# Partner visa - personal statement



## gfrance (Oct 22, 2009)

Hi,

I know this is probably a topic that has been covered to death in the past but I havent been able to find the threads when I've searched for it.

My question is about the partner visa - personal statement. Do I need to have this as a statutory declaration or can I just submit it and sign it myself? 

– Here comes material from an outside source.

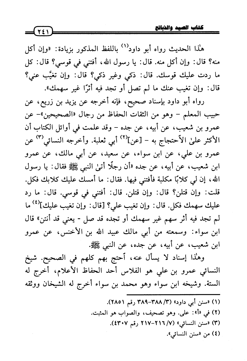 رَوَاهُ أَبُو دَاوُد بِإِسْنَاد صَحِيح، فَإِنَّهُ أخرجه عَن يزِيد بن زُرَيْع، عَن حبيب الْمعلم - وَهُوَ من الثِّقَات الْحفاظ من رجال «الصَّحِيحَيْنِ» - عَن عَمْرو بن شُعَيْب، عَن أَبِيه، عَن جده - وَقد علمت فِي أَوَائِل الْكتاب أَن الْأَكْثَر عَلَى الِاحْتِجَاج بِهِ -[عَن] أبي ثَعْلَبَة. وَأخرجه النَّسَائِيّ عَن عَمْرو بن عَلّي، عَن ابْن سَوَاء، عَن سعيد، عَن أبي مَالك، عَن عَمْرو بن شُعَيْب، عَن أَبِيه، عَن جده «أَن رجلا أَتَى النَّبِي - صَلَّى الله عَلَيْهِ وَسلم - فَقَالَ: يَا رَسُول الله، إِن لي كلابًا مكلبة فأفتني فِيهَا. فَقَالَ: مَا أمسك عَلَيْك كلابك فَكل. قلت: وَإِن قتلن؟ قَالَ: وَإِن قتلن. قَالَ: أَفْتِنِي فِي قوسي. قَالَ: مَا رد عَلَيْك سهمك فَكل. قَالَ: وَإِن تغيب عَلّي؟ [قَالَ: وَإِن تغيب عَلَيْك] مَا لم تَجِد فِيهِ أثر سهم غير سهمك أَو تَجدهُ قد صل - يَعْنِي قد أنتن» قَالَ ابْن سَوَاء: وسمعته من أبي مَالك عبيد الله بن الْأَخْنَس، عَن عَمْرو بن شُعَيْب، عَن أَبِيه، عَن جده، عَن النَّبِي - صَلَّى الله عَلَيْهِ وَسلم -.

The partner migration booklet is unclear so I'm not sure if I can submit my visa now with our personal statements or if we need to the statement to a solicitor or other qualified person who knows us well and have them sign it.

Cheers


----------



## Zony (Jan 7, 2010)

Hi,

I have just applied for this visa, got the email today to say that all they need is Police clearance from Ireland (I forgot about it). Our statements were just signed and dated by us and not certified and there doesn't seem to have been a problem. We are applying offshore, it could be different in Australia.


----------



## gfrance (Oct 22, 2009)

Thanks for this - I'm actually applying in the UK so should be the same for us.


----------



## luzbishop (May 3, 2014)

If you have to give statements from Australian citizens who know you (Form 888), regarding your relationship, I mentioned some of these people in our letter about our relationship, just give some context to who they were in our lives. e.g. I first met my partner when I was with one of the people who completed a form 888 for us, so I mentioned that in the letter.


----------